Yes that's something very common, especially in mobile environments
where moving terminals can lose signal, disconnect then reconnect using
another address leaving the previous connection in a random state.
> I notice here that the connection takes 35 minutes to time out once entering
> FIN_WAIT_2, which is the value I'm setting for 'timeout tunnel'.
This is very strange because the kernel normally has a much shorter
FIN timeout (tcp_fin_timeout=60) so maybe your sysctl is this high ?
> I've tried
> setting 'timeout client-fin' to 30s to mitigate this issue, but it doesn't
> seem to have any effect.
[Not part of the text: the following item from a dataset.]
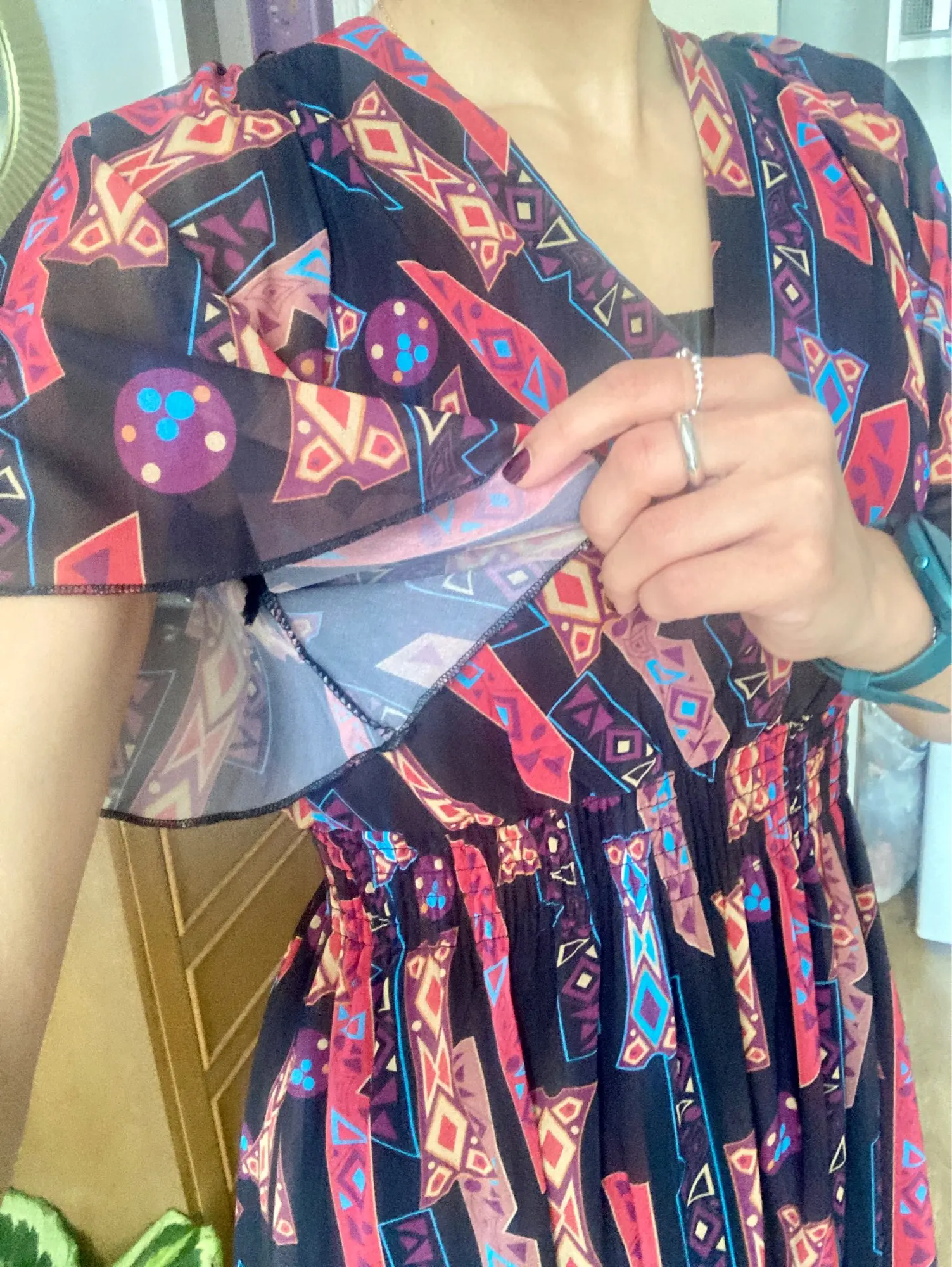 Ruffled V Neck Short-sleeved Chiffon Dress

Can someone confirm whether timeout client-fin
> applies to FIN_WAIT_2, or if perhaps I'm not using the option correctly? I
> also wonder if the nolinger option might be effective in this case.
Most often it does not change anything towards an HTTP client because the
protocol being asymmetric, haproxy knows that it can completely close the
connection in this case, so it's not waiting for the client to close, it
just performs its close() and the connection becomes an orphan and is
handled by the system.
In your case since you're in TCP mode it's different. After the client-fin
timeout, haproxy will effectively close, but if there's nothing anymore in
the socket buffers (which is the case in FIN_WAIT2), the connection state
doesn't change, it remains an orphan and the system continues to wait for
the client to ACK it. You may notice that even if you kill haproxy these
connections will still be there. The only case where haproxy can get a
connection to be killed in the system is when it still has to send something
(data or FIN) because by disabling lingering, the system destroys the socket.
> Also, in case it is relevant, I should point out that I am using the 'usesrc
> clientip' option on my backend servers.
It will not have any impact here.
In your case I'd have a look at tcp_fin_timeout to possibly lower it, but
that's all. I wouldn't be worried by this number of FIN_WAIT2 connections
though I understand that at least the cause needs to be figured out and
possibly addressed.
Regards,
Willy